Journal of the Research Association of Powder Technology, Japan Volume 10, Issue 9

Relationship between Particle Hold-up and Velocities of Gas and Particles in a Vertical Pneumatic Conveying Line

Pneumatic conveying of mono-sized particles was previously analyzed with two models of uniform flow and annular flow. Those results are applied in this report to elucidate the relationship between particles hold-up and velocities of air and particles in a vertical line where mixtures of two different particles are transported. The relationship can be expressed with the same type of equation as the one obtained previously.
v_F=b_mix+m_mixεv_P/1-ε
The constants b_mix and m_mix are combination of the characteristic constants of both components multiplied with their weight fraction. This linearity was well satisfied with the experimental data of b_mix and m_mix.
The change of weight fraction in the line was predicted by the model fairly well but there was some deviation of its theoretical value from the actual one.

High Density and Low Velocity Pneumatic Transportation of Powders and Granular Materials

High density and low velocity pneumatic transportation of granules, the conveying state of which is like the state of moving bed, has been obtained using both a reciprocating feeder and an orifice attached at the exit of the tube. In this experiment the maximum velocity of a particle was 7.5cm/sec. The authors have named “Rod-like flow” for this state of pneumatic transportation and have discussed the pressure drop of gas and the flow rate of granules at the steady state. It has been concluded that the pressure drop is approximately expressed by Ergun's equation using the porosity εmf at the minimum fluidization. It is shown that the formula which expresses the flow rate of granules can be related to the effective superficial gas velocity u*=u_f-u_mf (u_f: superficial gas velocity, u_mf: superficial minimum fluidizing gas velocity) and the opening of the orifice attached at the exit of the tube. The empirical equation of flow rate has been obtained as follows.
εu_p=α′{(D_e-2D_p)/D_p}ⁿ′(u*)ⁿ

Experimental Characteristic of a Blow-Tank Conveying System

In the blow-tank conveying system materials are charged and sealed up in the tank at the beginning of each transport cycle and then blown off into a conveying pipe by a high compressed air. By this system it is possible to transport the materials in high concentration over a long distance.
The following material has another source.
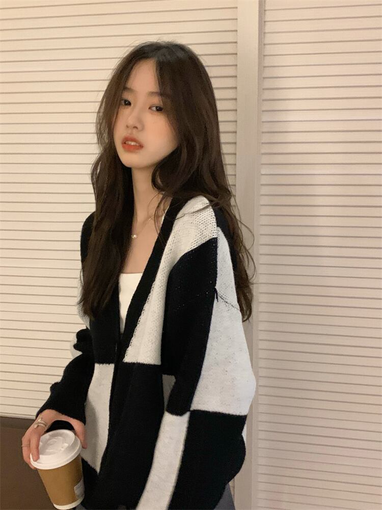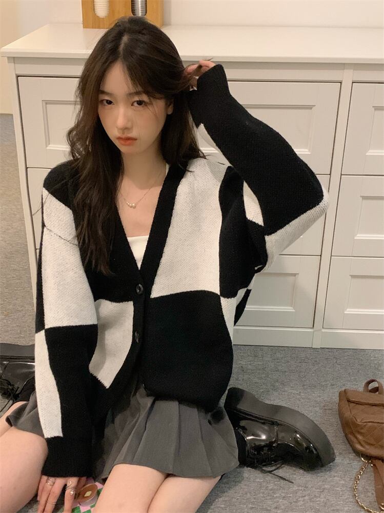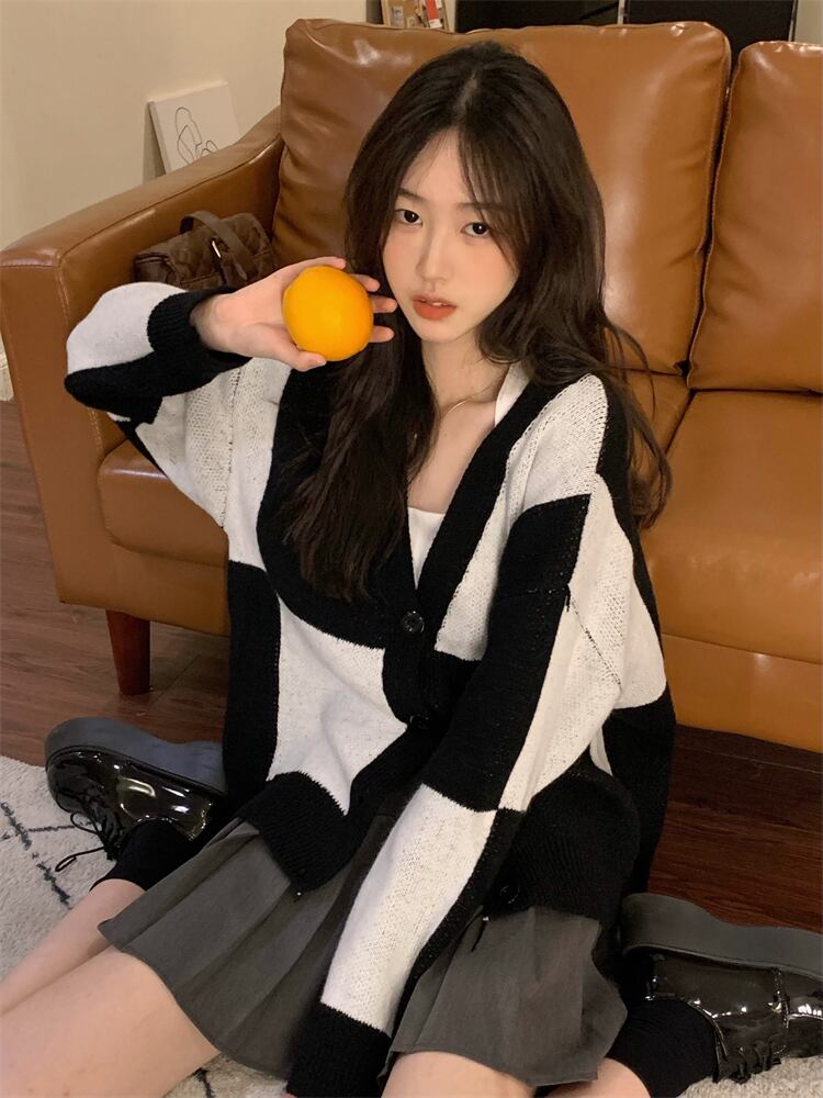 ルーズニットカーディガンオータムVネックブラックホワイトトップス ロング 秋物 モンロー36729567481

In recent years the application of this system has been widely made in many fields of industory, but investigations into the performance characteristics are scarce with its practical importance.
This work is made to investigate into the effect of the following terms on the characteristics; tank inlet pressure; initial charging fraction of solids in the tank; length of conveying pipe and primary air fraction.
From the experimental study, the following results are obtained. The mass flow rate of solids is proportional to the initial charging fraction of solid in the tank and to the tank inlet pressure. The efficiency of transport of solids of a given mass flow rate is better when a large value of initial charging fraction and primary air fraction and a small value of tank inlet pressure are selected.